El señor Sarrazín repitió las palabras con las que el juez se había referido a la actitud de la señora Linley.
–En mi opinión -añadió-, un lenguaje como ese es un grave insulto para su hija.
–Pero aun así -repitió la señora Presty-, nos ha concedido el divorcio -se acercó de nuevo a la mesilla, llenó el segundo vaso del remedio contra las preocupaciones, y esta vez fue ella quien lo bebió-. ¿Qué clase de carácter tiene el Presidente del Tribunal? – preguntó dejando el vaso vacío sobre la mesa.
Teniendo en cuenta las circunstancias en que se hallaban, ésa no podía sino parecer una pregunta extraordinaria. Sin embargo, el señor Sarrazín la contestó de la mejor manera que pudo.
–Tiene muy buen carácter -dijo-. Precisamente por eso no logro entender su actitud. Tengo entendido que es uno de los hombres más cuidadosos y considerados que se ha sentado jamás en el Tribunal. Espero que sepa usted perdonarme, señora Presty, no era mi intención que se hiciera usted una idea equivocada.
–¿Qué idea equivocada, señor Sarrazín?
–He tenido la impresión de que en cierta manera entendía y excusaba usted la actitud del juez.
–Pues no se equivoca usted.
–¿Cree que hay alguna excusa para lo que ha dicho?
–Sí.
–¿Cuál, señora?
–El juez es de constitución débil, señor.
–¿Puedo preguntarle dónde reside exactamente esa debilidad?
–Claro que puede.
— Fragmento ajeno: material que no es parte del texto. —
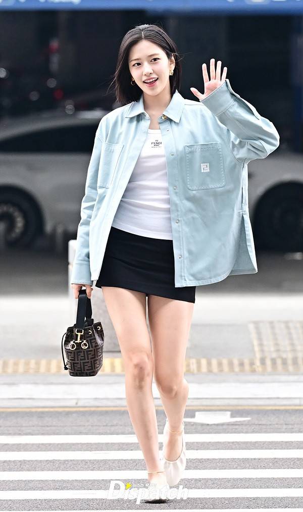 안유진은 블루 컬러의 재킷과 심플한 티셔츠, 짧은 미니스커트로 눈부신 미모를 뽐냈다. 완벽한 비율과 러블리한 비주얼이 시선을 사로 잡았다.

Padece gota.
El señor Sarrazín creyó que por fin la había entendido.
–Conoce usted al Presidente del Tribunal -dijo.
La señora Presty lo negó rotundamente.
–No, señor Sarrazín. No ha sido así como he llegado a esa conclusión. Simplemente he recurrido a mi experiencia respecto a otro personaje político de alto rango, y he aplicado su caso al del Presidente del Tribunal. ¿Sabía usted que mi primer marido era Ministro del Gobierno?
–Se lo he oído decir, señora Presty, en más de una ocasión.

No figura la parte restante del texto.